Kalaupun itu caranya menguji mental, menurutnya tetap keterlaluan, tetapi ia terlalu butuh pekerjaan ini untuk berspekulasi terlalu jauh.

“Ah, lupakan interview aneh itu,” katanya pelan, mencoba menenangkan diri.

Malam itu, Acha hampir tidak tidur nyenyak. Bayang-bayang kejadian hari ini datang silih berganti, hingga sekadar menarik napas pun terasa begitu berat.

Keesokan paginya, ia berdiri di depan cermin. Wajahnya tampak lebih segar, meski sisa kantuk masih terasa di pelupuknya.

Blus putih, rok hitam, rambut diikat rapi. Ia memastikan penampilannya pantas untuk hari pertama bekerja.

Beberapa detik, ia berdiri di depan gedung Alvarion Group sebelum akhirnya melangkah masuk. Bangunan tinggi itu sama megahnya seperti kemarin. Bedanya, hari ini ia tidak datang sebagai pelamar, melainkan sebagai bagian dari dalamnya.

Acha nenarik napas pelan. Hari pertama kerja selalu membuat siapa pun gugup. Namun, ia memaksa diri agar tetap tenang.

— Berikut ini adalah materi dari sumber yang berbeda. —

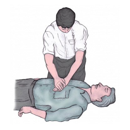 Первая помощь включает в себя проверку сознания и дыхания, вызов экстренных служб, а также выполнение сердечно-легочной реанимации, состоящей из непрямого массажа и искусственной вентиляции легких.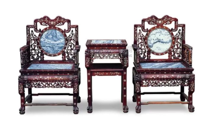 清代园林和大户人家厅堂上使用的扶手椅,江南俗称“独座”是借鉴宫廷“宝座”制作出来,椅子尺寸较大,有气魄,并常雕刻云纹,灵芝纹等,一般靠背镶嵌云石,是江南一带别具一格的座椅。

Lift membawanya ke lantai eksekutif. 

Begitu pintu terbuka, suasana langsung berubah. Sunyi, dan kesunyian itu justru menekan Acha lebih lebih dari yang ia duga.

“Pagi.”

Suara Raka membuat Acha spontan menoleh. Pria tersebut juga yang menyambutnya sebelum masuk ke ruang interview kemarin. Kini, asisten pribadi Elvano berdiri tak jauh darinya.

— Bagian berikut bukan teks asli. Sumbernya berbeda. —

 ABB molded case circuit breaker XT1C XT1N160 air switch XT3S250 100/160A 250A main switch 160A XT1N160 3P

“Pagi, Pak Raka,” balas Acha cepat.

“Ikut saya,” ujar Raka singkat, “kita briefing dulu.”

Acha mengangguk dan mengikuti langkah Raka yang cepat.

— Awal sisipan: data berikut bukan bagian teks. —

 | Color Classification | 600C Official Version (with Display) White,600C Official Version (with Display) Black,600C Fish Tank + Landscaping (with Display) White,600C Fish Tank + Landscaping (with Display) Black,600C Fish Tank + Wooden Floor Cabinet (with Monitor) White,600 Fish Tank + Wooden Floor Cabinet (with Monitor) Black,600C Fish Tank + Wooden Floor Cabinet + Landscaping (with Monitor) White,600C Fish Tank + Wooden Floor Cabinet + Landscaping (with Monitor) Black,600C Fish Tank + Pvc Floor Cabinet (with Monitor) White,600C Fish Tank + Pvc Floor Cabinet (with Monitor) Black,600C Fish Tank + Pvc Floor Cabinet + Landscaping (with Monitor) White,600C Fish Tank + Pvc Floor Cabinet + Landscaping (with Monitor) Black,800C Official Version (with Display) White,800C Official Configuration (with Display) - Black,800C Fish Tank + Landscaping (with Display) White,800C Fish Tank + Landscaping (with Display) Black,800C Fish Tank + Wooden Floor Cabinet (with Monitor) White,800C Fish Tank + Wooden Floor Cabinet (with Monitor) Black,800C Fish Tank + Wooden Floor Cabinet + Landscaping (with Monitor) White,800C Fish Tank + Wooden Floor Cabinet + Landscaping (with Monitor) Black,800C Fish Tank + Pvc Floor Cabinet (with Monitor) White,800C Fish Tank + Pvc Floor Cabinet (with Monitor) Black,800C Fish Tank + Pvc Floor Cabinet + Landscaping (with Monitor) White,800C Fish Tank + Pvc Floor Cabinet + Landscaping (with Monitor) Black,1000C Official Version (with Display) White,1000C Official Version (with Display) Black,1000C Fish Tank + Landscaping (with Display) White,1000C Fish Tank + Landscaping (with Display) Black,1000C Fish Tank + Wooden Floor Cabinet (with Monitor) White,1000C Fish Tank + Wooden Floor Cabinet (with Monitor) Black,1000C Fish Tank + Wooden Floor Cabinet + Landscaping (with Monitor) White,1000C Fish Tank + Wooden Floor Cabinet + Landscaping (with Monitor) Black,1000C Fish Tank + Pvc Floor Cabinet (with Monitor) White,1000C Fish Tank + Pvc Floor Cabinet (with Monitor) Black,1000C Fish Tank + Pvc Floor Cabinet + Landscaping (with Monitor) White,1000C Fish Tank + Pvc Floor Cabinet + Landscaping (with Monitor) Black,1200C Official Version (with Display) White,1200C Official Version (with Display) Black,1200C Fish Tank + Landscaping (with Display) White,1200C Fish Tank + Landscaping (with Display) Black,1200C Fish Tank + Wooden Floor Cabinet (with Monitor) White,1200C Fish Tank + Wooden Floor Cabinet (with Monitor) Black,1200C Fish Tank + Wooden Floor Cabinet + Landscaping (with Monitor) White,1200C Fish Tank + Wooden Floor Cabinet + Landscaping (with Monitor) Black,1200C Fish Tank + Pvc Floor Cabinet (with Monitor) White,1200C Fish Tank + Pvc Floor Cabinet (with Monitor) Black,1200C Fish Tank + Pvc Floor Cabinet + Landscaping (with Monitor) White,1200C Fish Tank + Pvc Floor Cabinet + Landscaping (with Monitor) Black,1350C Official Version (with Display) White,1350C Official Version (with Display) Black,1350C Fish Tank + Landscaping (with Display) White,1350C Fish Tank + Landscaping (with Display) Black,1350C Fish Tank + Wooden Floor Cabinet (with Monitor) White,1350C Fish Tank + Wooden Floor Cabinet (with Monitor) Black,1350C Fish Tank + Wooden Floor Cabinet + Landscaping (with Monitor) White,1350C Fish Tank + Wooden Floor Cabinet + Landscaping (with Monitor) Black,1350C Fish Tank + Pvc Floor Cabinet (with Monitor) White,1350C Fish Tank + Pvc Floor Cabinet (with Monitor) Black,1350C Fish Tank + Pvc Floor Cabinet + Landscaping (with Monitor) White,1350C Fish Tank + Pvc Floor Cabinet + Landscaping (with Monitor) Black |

“Meja kamu di luar ruangan Pak Elvano,” jelas Raka sambil berjalan. “Akses email, jadwal rapat, dan dokumen sudah disiapkan. Kamu bisa tanya saya kalau ada yang kurang jelas.”

“Baik, Pak.”

“Dan, satu lagi ….” Raka berhenti sejenak, menoleh kepada Acha. “Pak Elvano tidak suka kesalahan.”

“Saya mengerti.”

Acha langsung duduk, membuka komputer, dan mulai memeriksa jadwal hari itu.

Belum lima menit menyesuaikan diri, pintu ruangan presdir terbuka.

Elvano keluar. Aura pria itu tetap sama dinginnya seperti kemarin. Tanpa sadar, Acha meluruskan punggung, jantungnya berdegup lebih cepat seolah keberadaan Elvano menebar hawa dingin di seluruh ruangan. 

“Buatkan saya kopi,” titah Elvano tajam, seolah tidak memberi ruang untuk membantah.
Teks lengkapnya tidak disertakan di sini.